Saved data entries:
—————

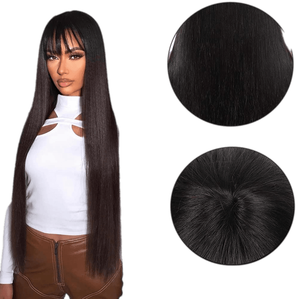 Designed for versatility, the straight texture combined with customizable bangs offers a chic, modern look suitable for any setting. The bangs are slightly longer, giving you the flexibility to trim and shape them to perfectly frame your face, ensuring a personalized fit every time. The natural black color provides a sleek, sophisticated backdrop that can be dyed, curled, straightened, or styled to match your unique preferences.
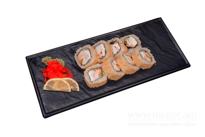 Рис, норі, крабова паличка сурімі, сир Філадельфія, салат айсберг, маринований дайкон, кунжут, креветка коктейльна.
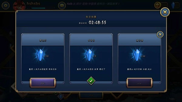 1、任务:在游戏大厅页面点击“任务”选项,即可查看每日任务内容。系统每日会发布三个任务,完成这些任务后,玩家就能领取对应的宝石奖励。
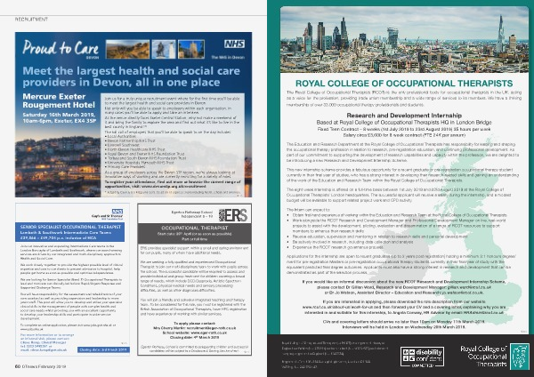 Occupational Therapists’ London headquarters. The successful applicant will receive a salary during the internship, and a modest
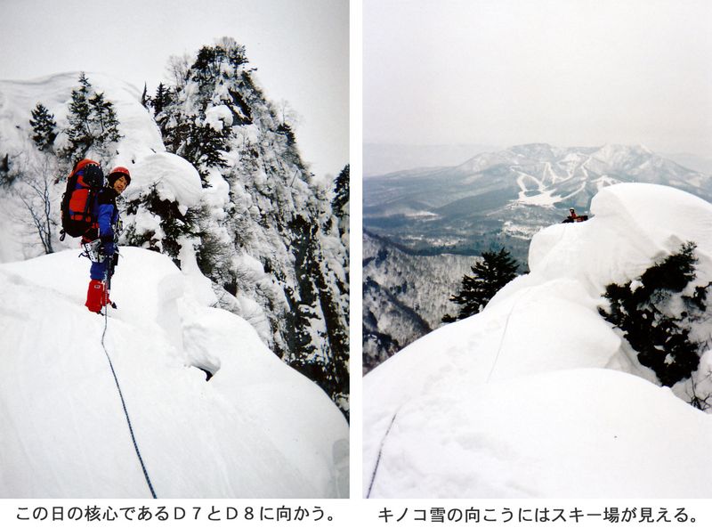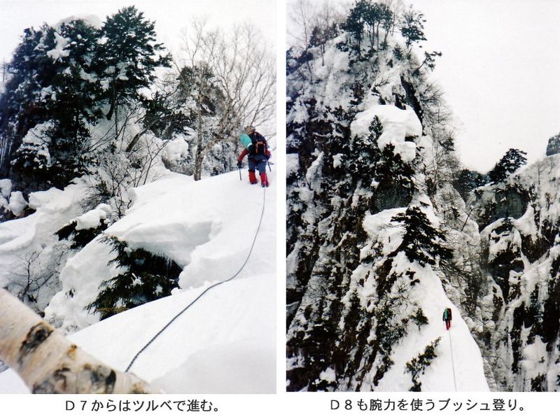ここからツルベ。D7は、基部の草付バンドを岩をホールドにして左に2mほどトラバース。ブッシュ混じりのルンゼを登り、雪面を右上しながら主尾根に戻る。
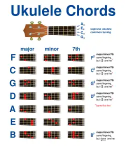 Chart of common soprano ukulele chords.
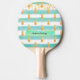 Türkisfarbenes Aquamarines Pingpongpaddel mit tropischem Glitzer Ananas-Muster und weißen Streifen. Verwenden Sie diese Vorlagenoption, um den Text auf Vorder- und Rückseite zu ändern. | Verwenden Sie weitere Optionen, um den Textstil, die Textgröße und -farbe bei Bedarf zu ändern.
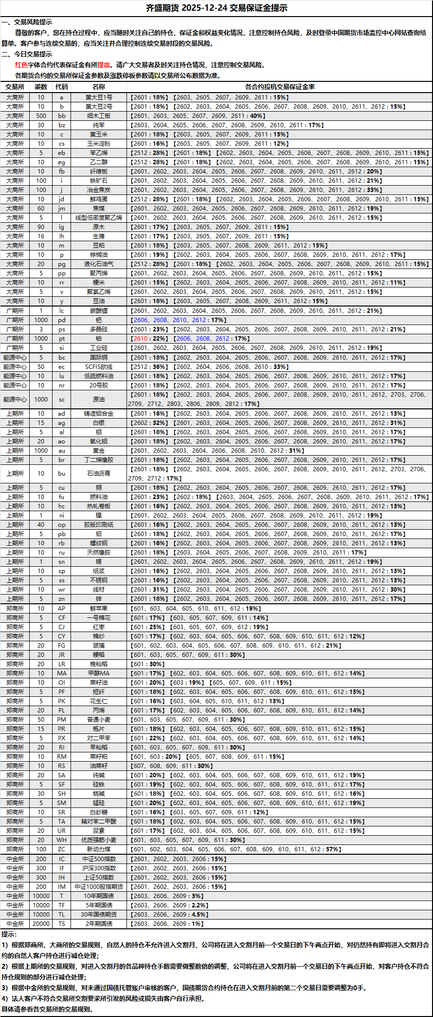 期貨交易風(fēng)險說明書
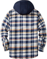 Made from polyester and cotton with thick fleece lining that feels soft inside. The plaid pattern looks good with jeans, boots, or sneakers. Four pockets give you room for your phone, keys, wallet, and other stuff you need.
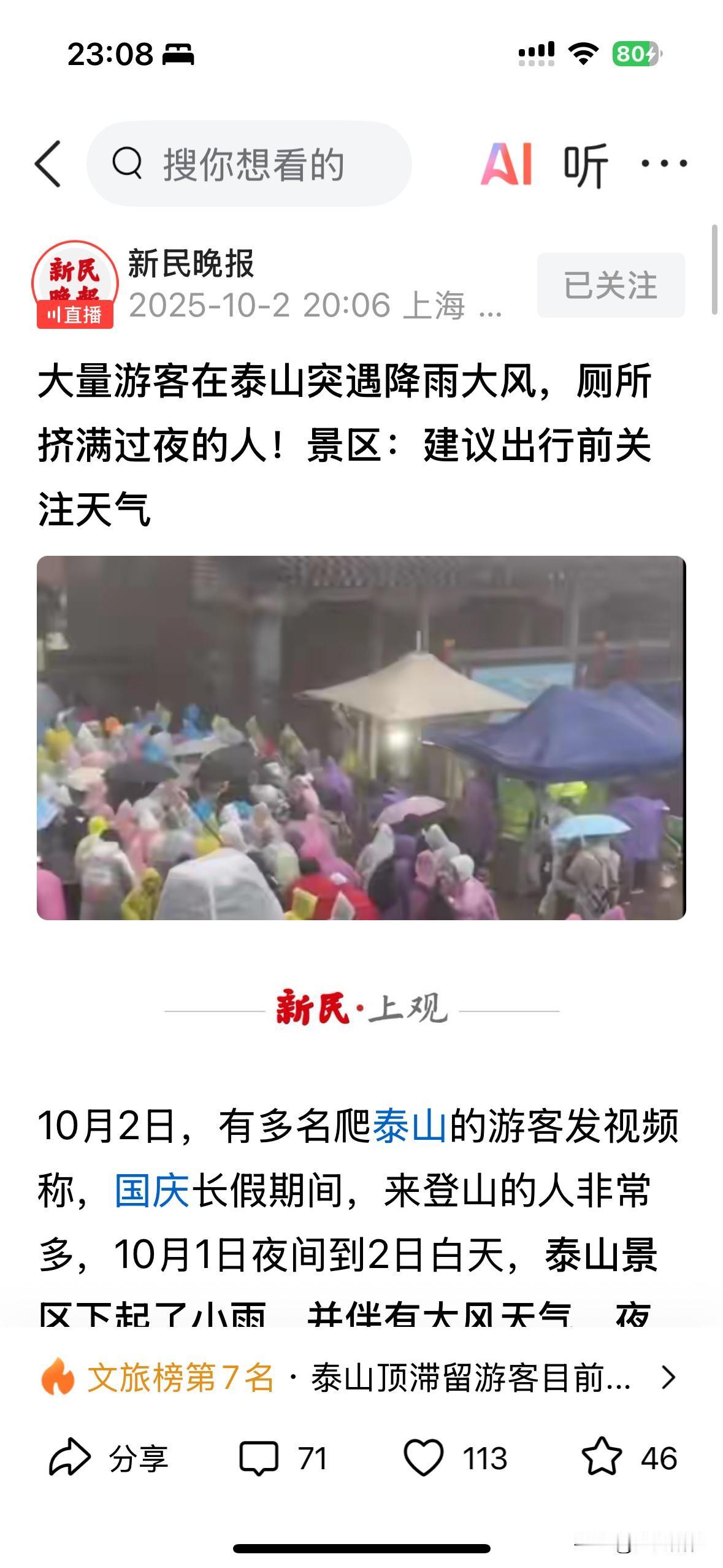 还是很佩服这些多人多和拥挤无所畏惧的游客,至少他们在金秋十月,勇敢的选择了各种出游,各种攀登。 有这些可爱的人们,才让各地景区的生意可以得到提振,让商家喜笑颜开,让员工可以拿到假期恭喜补贴。 不然大家都不出去,都像某些人一样,躲在家里刷手机,这个假期,真的白瞎了! 不过出游还是要看天气的! 祝大家玩的开心,顺利,安全第一!
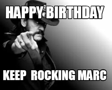 Make your own "Happy Birthday keep Rocking Marc" meme with MemeCreator's free online meme generator. Add text, stickers, and drawings — then download or share. No watermark, no sign-up required.

—————

PROMPT
Both the line containing "Chart of common soprano ukulele chords." and the line containing "期貨交易風(fēng)險說明書" above belong in the output, as do the lines between them. Print them exactly, without pictures.

RESPONSE FOR THIS EXERCISE
 Chart of common soprano ukulele chords.
 Türkisfarbenes Aquamarines Pingpongpaddel mit tropischem Glitzer Ananas-Muster und weißen Streifen. Verwenden Sie diese Vorlagenoption, um den Text auf Vorder- und Rückseite zu ändern. | Verwenden Sie weitere Optionen, um den Textstil, die Textgröße und -farbe bei Bedarf zu ändern.
 期貨交易風(fēng)險說明書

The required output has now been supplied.